Comment: Re:I have worked at a few ISPs (Score 2) 251

by schnell (#47709665) Attached to: Comcast Training Materials Leaked

example would be bell labs.. then the business got greedy and killed innovation.

The Slashdot crowd can't have their cake and eat it too. "Classic" Bell Labs did a tremendous amount of innovative research that transformed the telecommunications and computer industries. But they did it precisely because they were a regulated monopoly that had no competitors and fat, government-regulated margins. In essence, the old AT&T spent lavishly on Bell Labs projects that in many cases they not only didn't make money on but were actually forbidden (like UNIX) to make money on because they had no need to be competitive.

But on the flip side, everyone here seems to agree that monopolies are bad and competition is good. Which, for consumers and shareholders, I agree is ideal. But if you're looking for someone to subsidize basic research with little or no investment return potential, don't look to a competitive company to do it. Even Google's "research" is almost always connected to a profit-making initiative, although whether they actually bring it to market is a much different question.

So long story short - the old Bell Labs only made sense as a luxury that could be afforded by a monopoly that had cash to burn. If you want competition, you don't get businesses that can throw cash into a burn pit for the benefit of science.

Comment: Re:McDonallds should sue ... (Score 5, Interesting) 251

by schnell (#47709609) Attached to: Comcast Training Materials Leaked

Ugh. Please don't make me sound like I'm defending Comcast, which I loathe.

But the fact is that every large consumer-oriented business has a part of their playbook that every employee who touches the customer should be a salesperson. Are you the McDonald's cashier? You're selling. Are you the rep in a Verizon store? You're selling. Those are easy. Do you work the fry machine? Then you don't talk to the customer, and you're not selling. That's the difference in your example.

But pretty much every consumer services megacorp has done the research and learned that every "touch" you have with a customer needs to be a selling opportunity, and you get very good sales results - which seems counterintuitive, but it's true - if you do so. When you call for support, that's a touch and up-sell opportunity even if you were angry when you called in; same when the DSL/cable installer shows up to your house, even if they are late showing up.

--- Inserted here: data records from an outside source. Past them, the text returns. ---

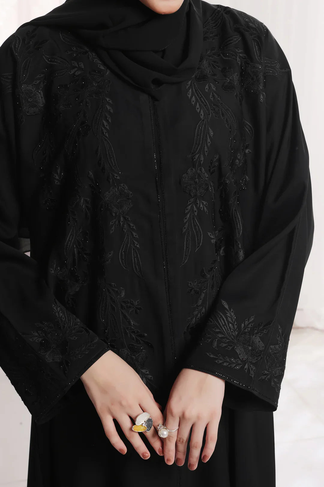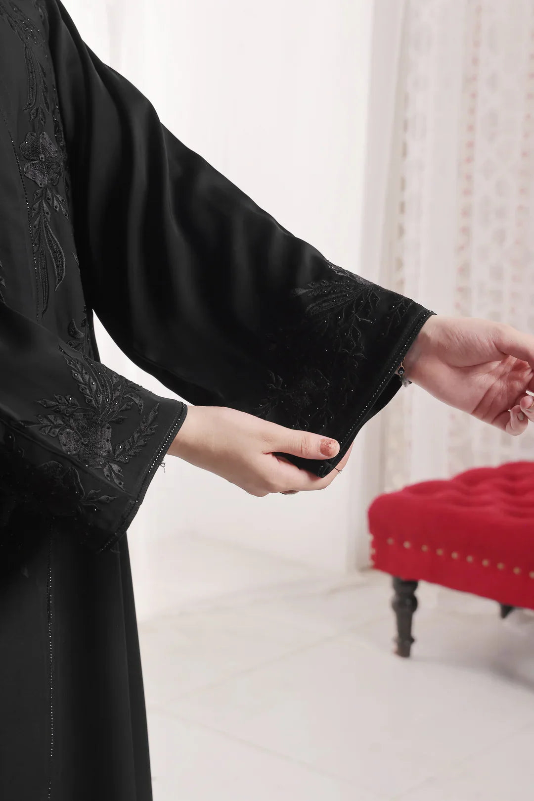 Tonal Floral Embroidery with Stone Detailing: Features intricate black-on-black floral embroidery enhanced with delicate stone work along the front and sleeves—adding a soft, graceful shimmer.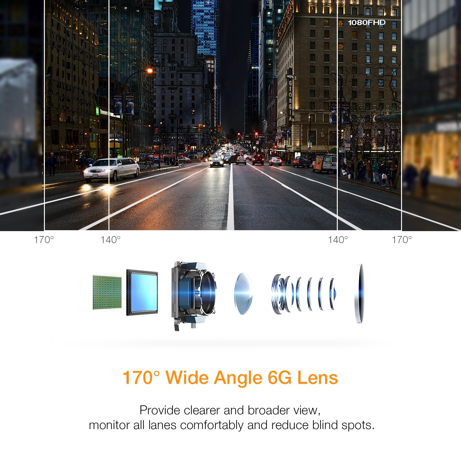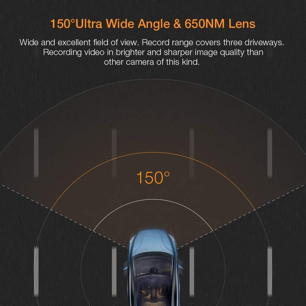 Super Night Vision: Inregistrarea 1080p Full HD cu 30fps si senzorul avansat asigura inregistrarea in timpul zilei si al noptii. Echipat cu o camera cu un unghi larg de 170 °, asigura inregistrarea tuturor participantilor la trafic aflati in fata masinii.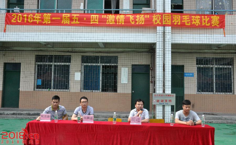 为了丰富我校学生的课余娱乐生活,满足学生对展现、挑战、超越自我的需求,彰显我校学生积极向上的精神风貌,2016年05月04日,我校第一届五四“激情飞扬”校园羽毛球比赛在羽毛球场正式拉开帷幕。校长胡进、校办公室主任张国强、学生科科长何万涛、团委书记蔡怀建等领导与百余名同学共同参加并观看了本次比赛活动。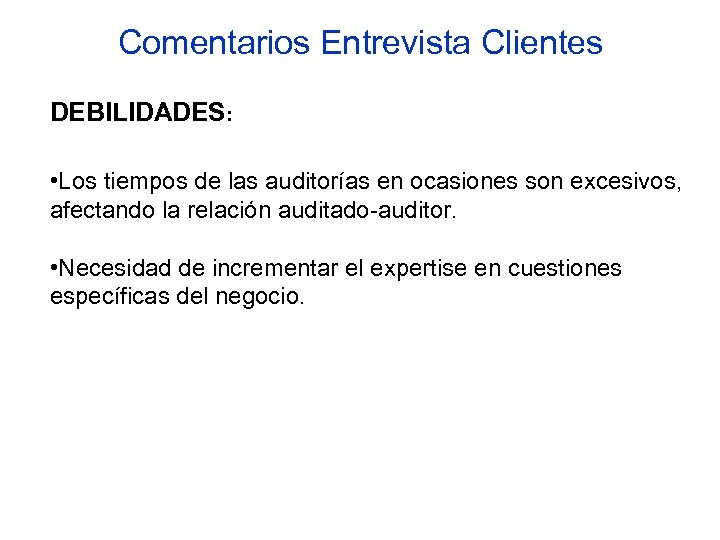 Comentarios Entrevista Clientes DEBILIDADES: • Los tiempos de las auditorías en ocasiones son excesivos, afectando la relación auditado-auditor. • Necesidad de incrementar el expertise en cuestiones específicas del negocio.
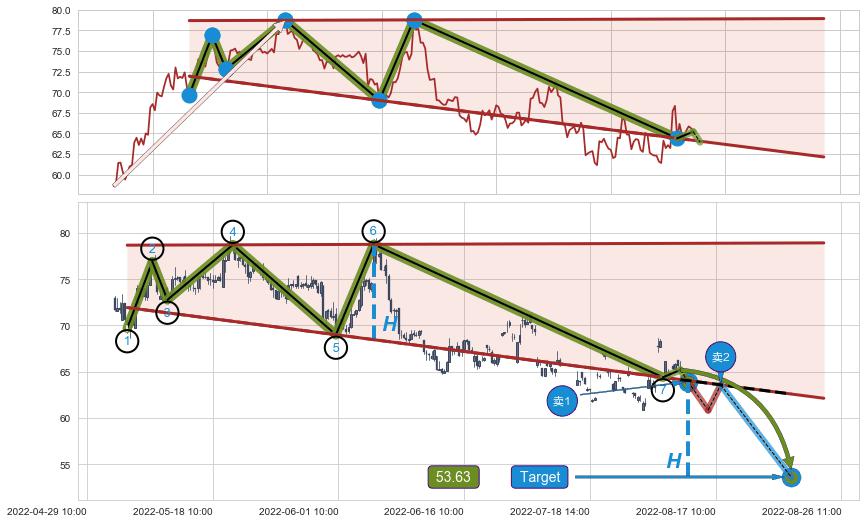 ➣ 【支撑】低点支撑位【③⑤⑦】一底低于一底,构成扩散三角的下斜边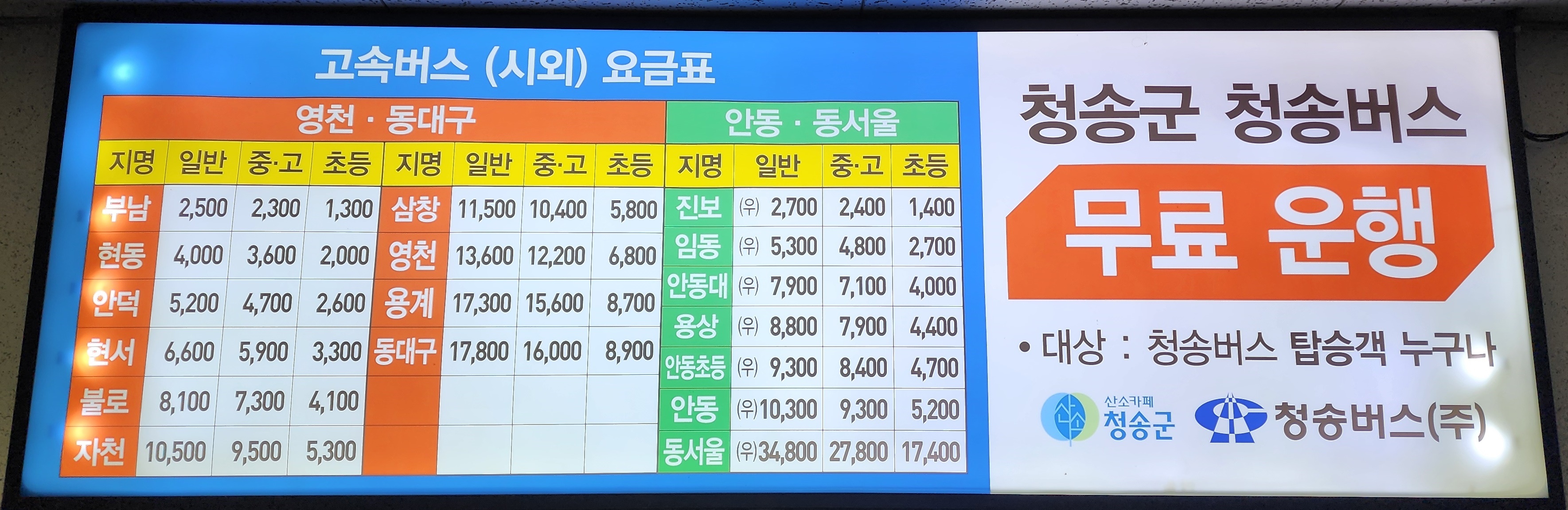 청송시외버스터미널 요금표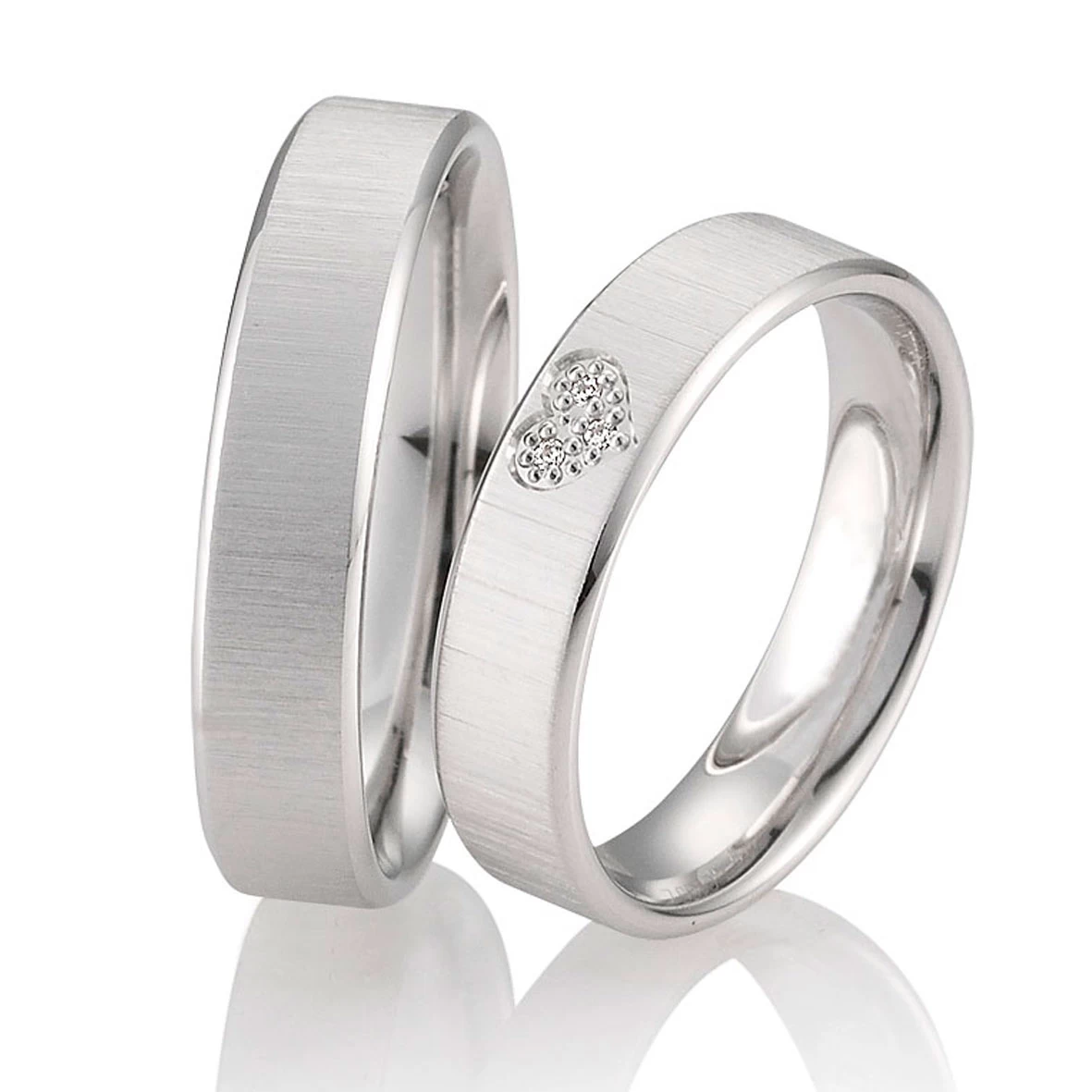 La finition extérieure de cette bague de mariage est brossée.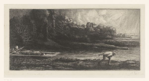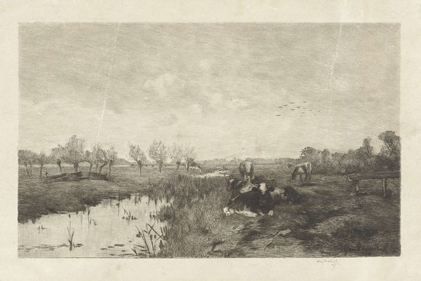 Elias Stark created this print called 'Duck Hunt' using etching. Stark, born in Amsterdam, depicts an idyllic scene, reminiscent of the Dutch Golden Age landscape paintings. But who is afforded the luxury of leisure? Duck hunting, then as now, speaks to class and access. Here, we see the Dutch landscape from a particular point of view; that of wealthy men, equipped with guns, a boat, and a dog, who take aim at the wildlife. Stark was known for his animal paintings. He brings an intimacy to this natural scene that makes one consider the relationship between humans and the natural world. Does this image reinforce traditional ideas about man’s dominion over nature or does it offer a more nuanced narrative? The meticulous etching brings a stark beauty to the scene, which may leave the viewer to question the ethics of this hunt.
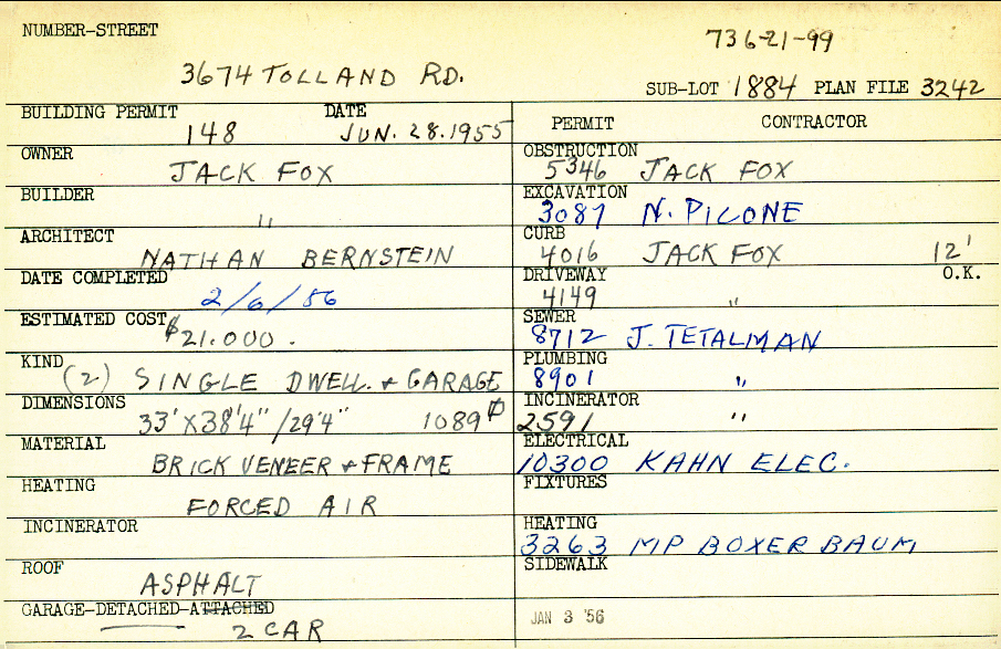 3674 Tolland Road Shaker Heights, OH 44122 PARCEL ID: 736-21-099 Building Permit Date: 06-28-1955 Plan File Number: 3242 Microfilm Roll: Roll#47 Neighborhood: Sussex Owner: Fox, Jack Builder: Fox, Jack Architect: Bernstein, Nathan Estimated Cost: 21000 Date Completed: 02-06-1956 Kind: Single Dwelling and Garage (2) Material: Brick Veneer and Frame Heating: Forced Air Roof: Asphalt Garage: detached 2 car |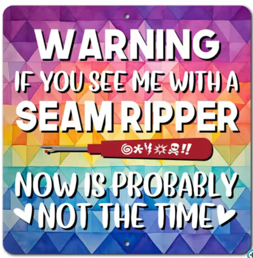 SEAM RIPPER WARNING ALUMINUM SIGN 12"X12"

You may be angry at first, but a shitload of real-world research shows that most consumers are simply unaware of any given company's latest/greatest/whatever, and you might be interested in it once you have vented your frustration with $MEGACORP.

Again, I have no love for Comcast (I am a Xfinity subscriber in Seattle for TV/Internet and for more than two years I have struggled to read my cable bill and figure it out in a line item fashion) but they are certainly no more evil than almost any other large company in this respect.

Comment: Re:Sitting on the floor? (Score 1, Interesting) 181

by schnell (#47697759) Attached to: Xiaomi's Next OS Looks Strikingly Similar To iOS

Does he also park in the handicap space?

I have no idea if it's true, but a story used to circulate among Apple employees that one engineer worked up the bravery to leave a note on His Steveness's windshield that suggested he "Park Different." There was reportedly an effort to track down the offending employee by Apple security but it never bore fruit.

Real Users never know what they want, but they always know when your program doesn't deliver it.